**Task item**
The line that contains "UNAGI MAKI Eel - Cucumber 13,100" marks the start. Please set it down, with every later line of the data, exactly and without pictures.

**Exercise input**
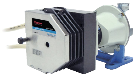
Air-Powered Pump 960-1020 includes a High-Performance pump head
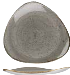
TRIANGLE PLATE SPGSTR121 31.1cm 12 1/4" CTN QTY 6 SPGSTR101 26.5cm 10 1/2" CTN QTY 12 SPGSTR9 1 22.9cm 9" CTN QTY 12 SPGSTR7 1 19.2cm 7 3/4" CTN QTY 12
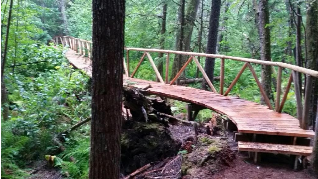
Photo: The new bog log crossing and viewing deck at North Fork Wild Conservation Park
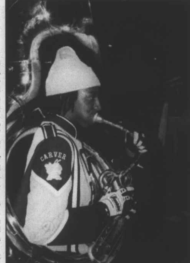
A tuba player performs with others from the Carver High School Marching Band.
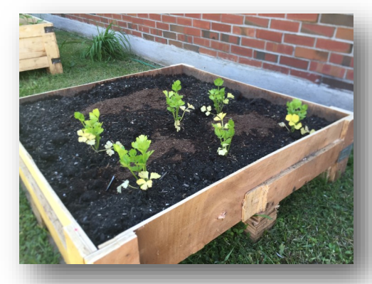
Things are already growing!
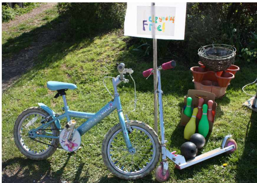
Spring Clean in Oxhill - Free for the next generation of children
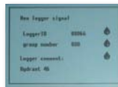
Status showing leak
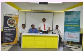
FDP on Hadoop (Hortonworks)
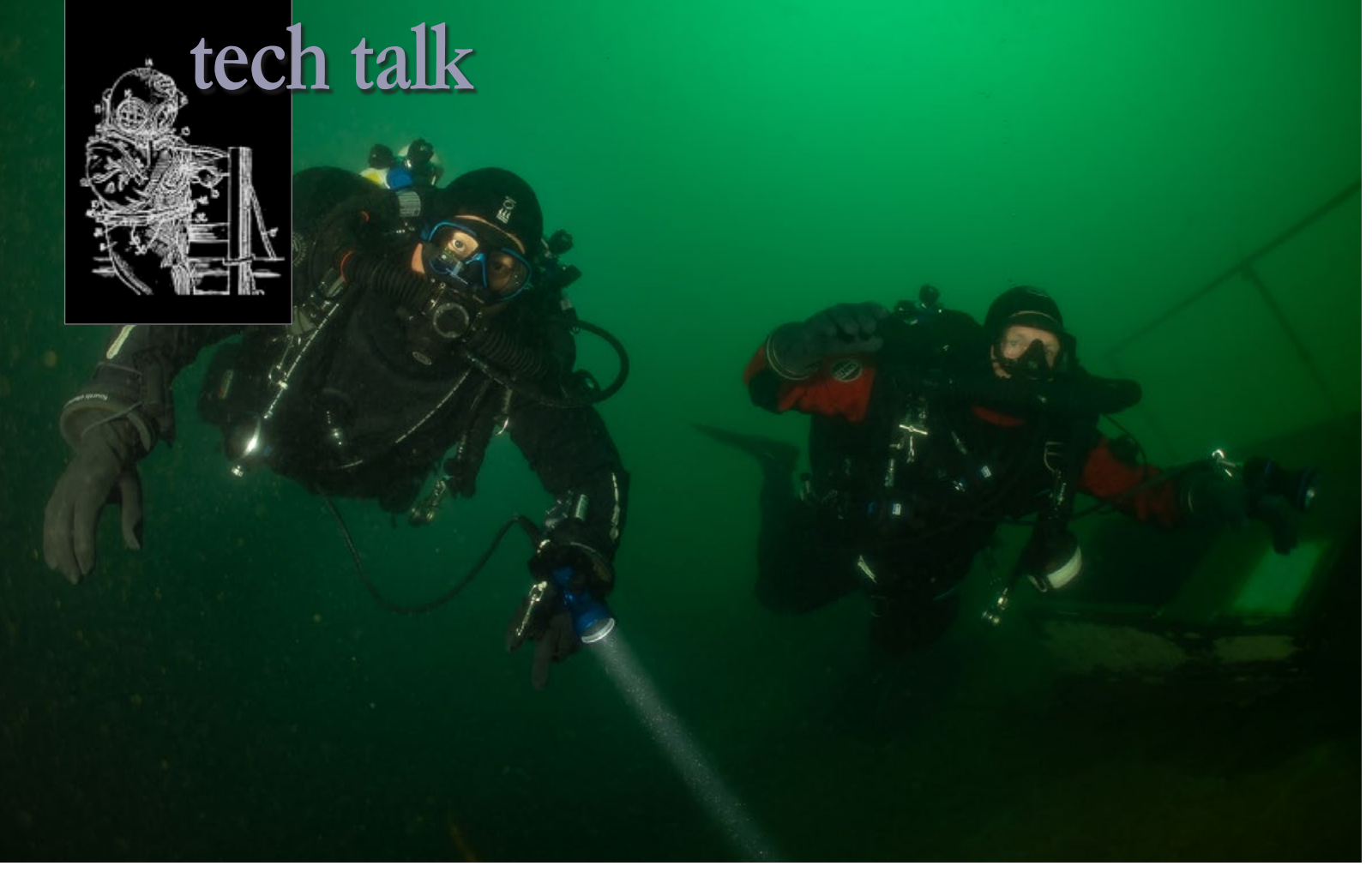
The last course day focused on in-water rescue techniques, ending with a final exam, swim tests and a "fun" dive.
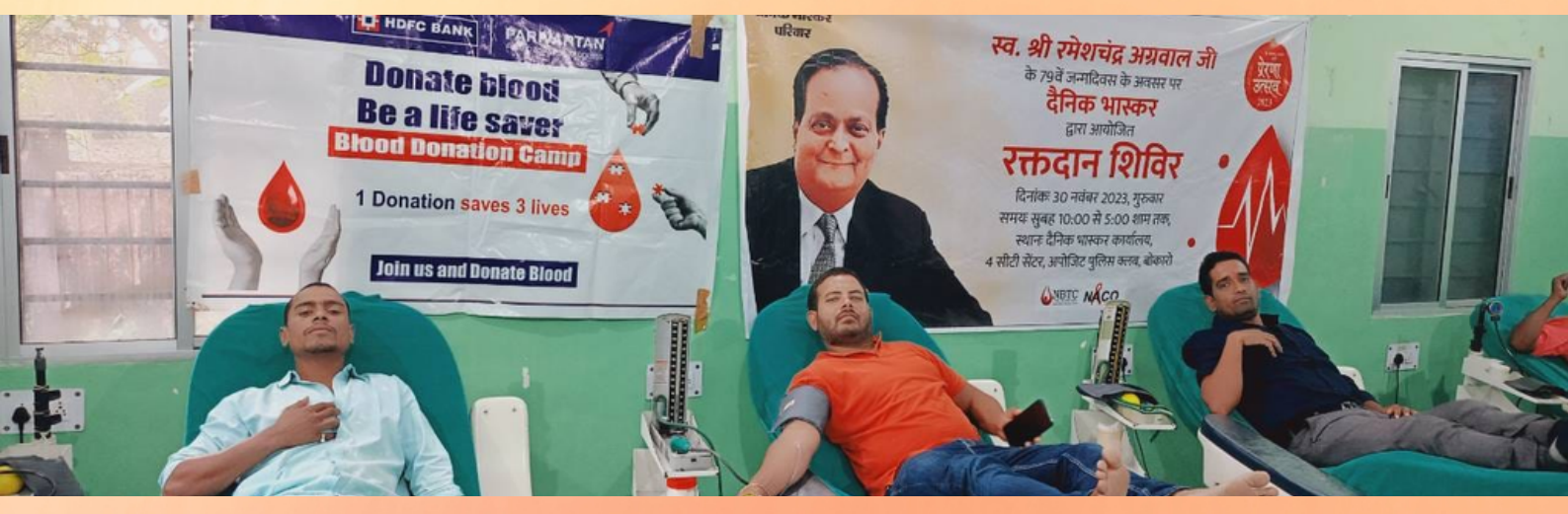
Blood Donation Camp, Bokaro, Jharkhand
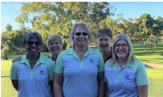
2018 Eileen Dawson trophy: Gosnells Golf Club
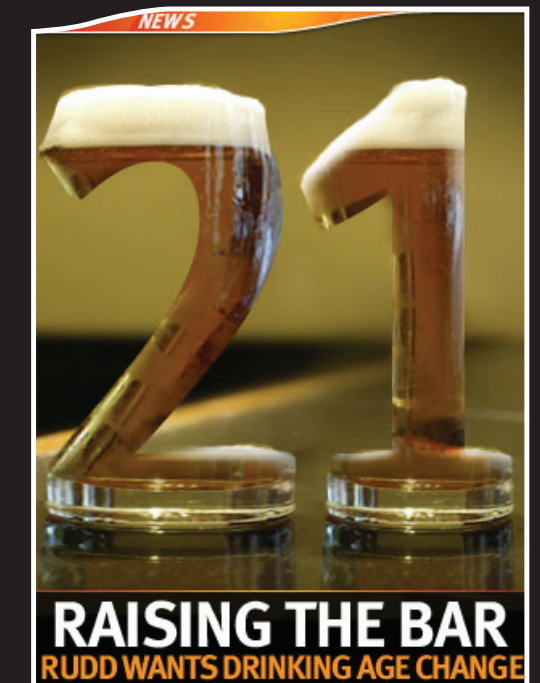
I guess the beer gods won this battle
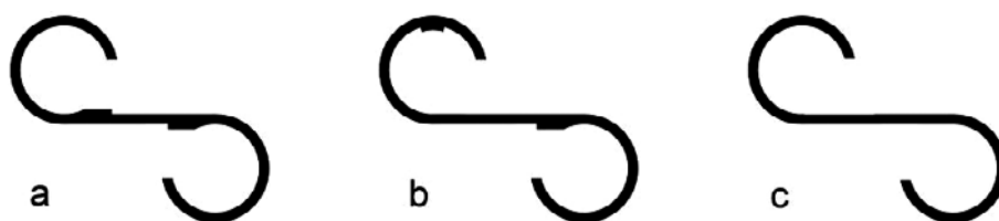
Fig. 1 Original target figure (a) and the two figures that were slightly different from the target figure (b, c).

with the criteria of ultra-high-risk patients.
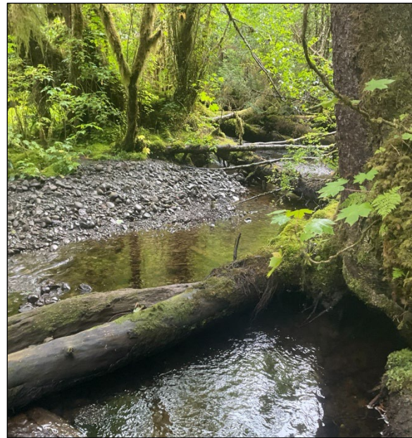
Figure 3.—Looking downstream at waypoint 1170.
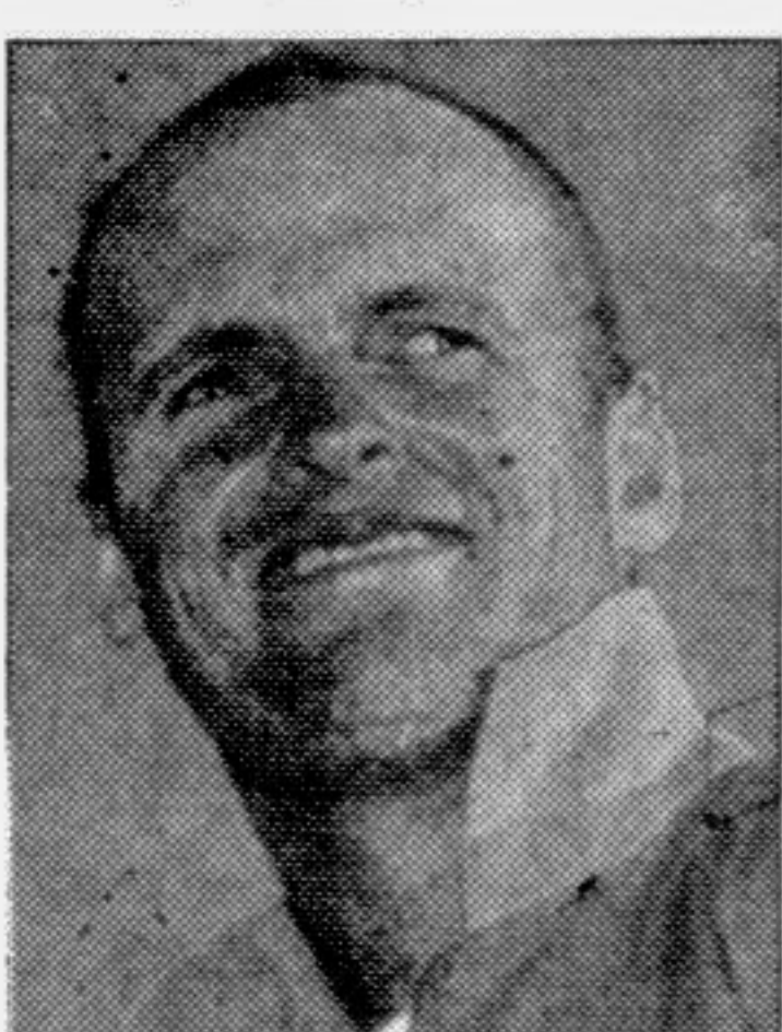
KIRSTEN ... m-o-m

Did not bat: S Pollock, D Richardson, L Klusener, A Donald, P Adams.
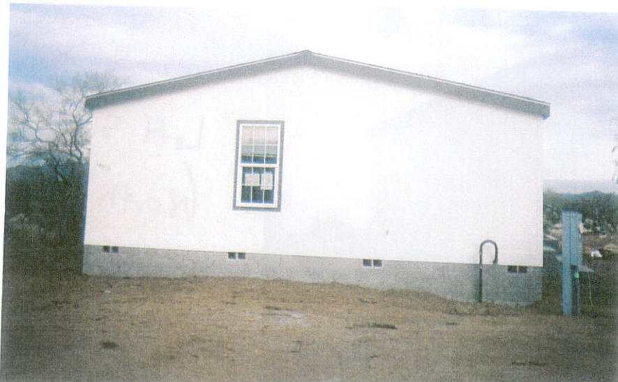
Right Side (south)
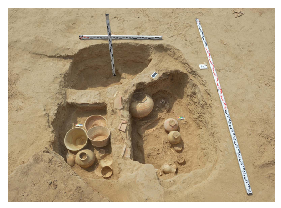
Figure 3. Gonur 20, grave 78, general view.

urban centre. Two of them—Gonur 20 and 21—were first excavated in 2010 and 2011. The excavations revealed that the settlements differ in layout and, possibly, also in specialisation. Gonur 20 comprised ovens, kilns, residential construction, household zones and more than 70 human and animal tombs (cists, shafts and ground pits). One specific trait of the site is the presence of rare fragments of steppe pottery and buildings not typical of a Margiana oasis. Perhaps this is one of the few examples of evidence for interaction between farmers and mobile cattle breeders in south-eastern Turkmenistan (Sarianidi & Dubova 2012).
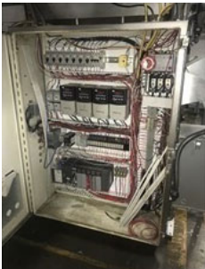
Stewart Pan Unstacker
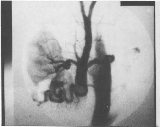
Figure 1 - Percutaneous retrograde abdominal aortogram demonstrates dilated right renal artery, winding stump of the renal vein, and opacification of inferior vena cava.

Among the cases of hypernephroma, there frequently existed both a connection of large artery to the vein due to tumor invasion, and large communicating vascular spaces within the partially necrotic tumor. 4 In the remaining cases, the initial lesion probably was an arterial aneurysm which eventually eroded the wall of the vein to form the connection, but this condition is rare. 4,11
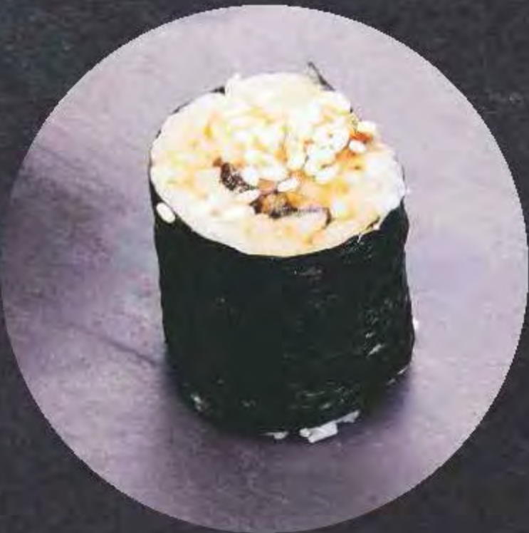
UNAGI MAKI Eel - Cucumber 13,100
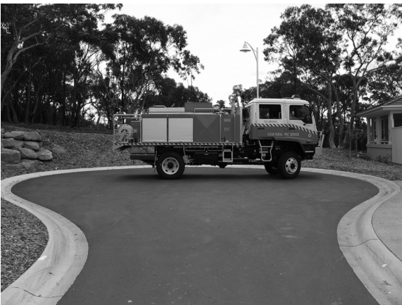
Fire fighting vehicles need access to the urban bushland interface.

For new subdivisions and large scale SFPPs, design of public and property access roads should enable safe access, egress and defensible space for emergency services. Fire trails enable access for management of APZs. These principles also apply for other developments but greater emphasis on landscaping, construction and other BPMs may be necessary.
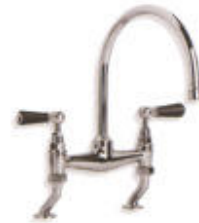
BL 1517 BLACK LEVER BRIDGE MIXER WITH 9" SPOUT (ALSO AVAILABLE BL 9007 WITH 6.5" SPOUT)

**Result**
UNAGI MAKI Eel - Cucumber 13,100
Fire fighting vehicles need access to the urban bushland interface.

For new subdivisions and large scale SFPPs, design of public and property access roads should enable safe access, egress and defensible space for emergency services. Fire trails enable access for management of APZs. These principles also apply for other developments but greater emphasis on landscaping, construction and other BPMs may be necessary.
BL 1517 BLACK LEVER BRIDGE MIXER WITH 9" SPOUT (ALSO AVAILABLE BL 9007 WITH 6.5" SPOUT)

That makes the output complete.